THE TASK: The line containing "- Full aluminium" and every line after it, through the end of the records below, are to be reproduced exactly, with the pictures left out.

[Data entries]
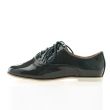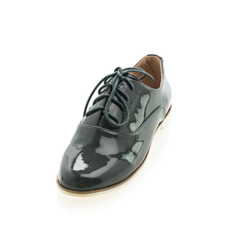 A pair of black solid round toe formal derbys with regular styling has a lace-up closure
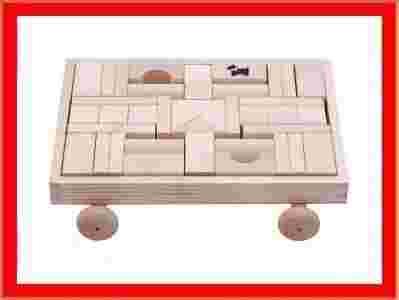 KLOCKI DREWNIANE W WOZKU NATURALNE 40 ELEMENTOW
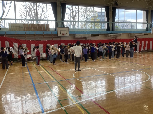 3月25日(水)朝、ブラスバンド部の子ども達が体育館で、修了式に演奏するにしこの校歌を息を合わせながら一生懸命練習に取り組みました。
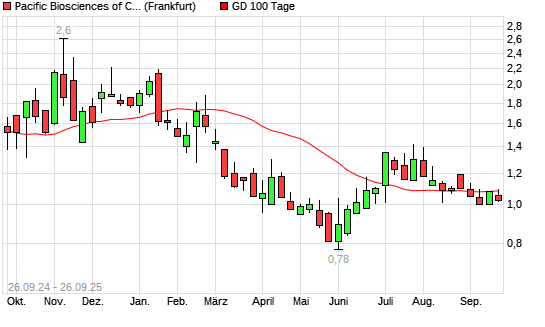 Mit dem Rücksetzer auf 1,04 EUR hat die Pacific Biosciences of California-Aktie am 25.09.2025 die 100-Tage-Linie nach unten gekreuzt.
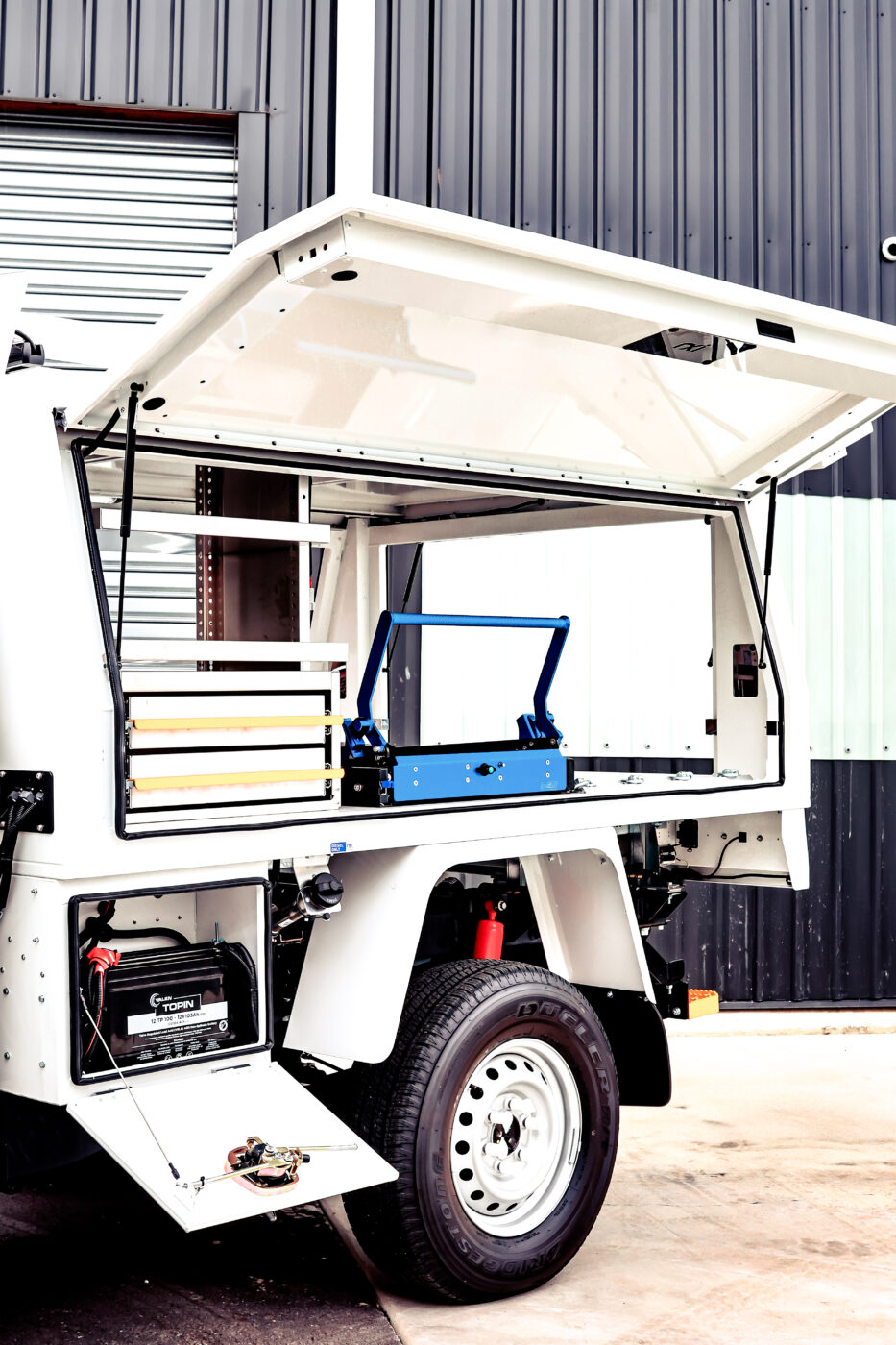 - Full aluminium Canopex Service Body (2400L x 1850W x 900H) with central locking to doors, shelving, drawers, and secure storage.
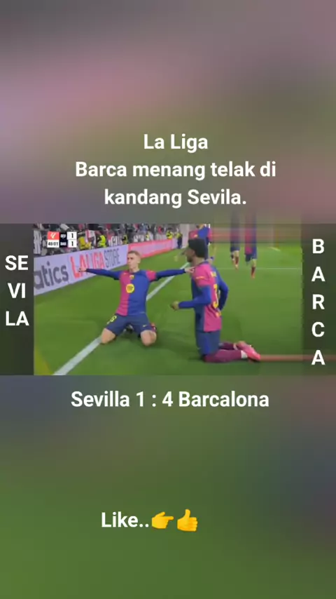 #Laliga #Jornada23 Sevilla vs Barcalona skor 1 : 4 #villabarca

TASK SOLUTION:
 - Full aluminium Canopex Service Body (2400L x 1850W x 900H) with central locking to doors, shelving, drawers, and secure storage.
 #Laliga #Jornada23 Sevilla vs Barcalona skor 1 : 4 #villabarca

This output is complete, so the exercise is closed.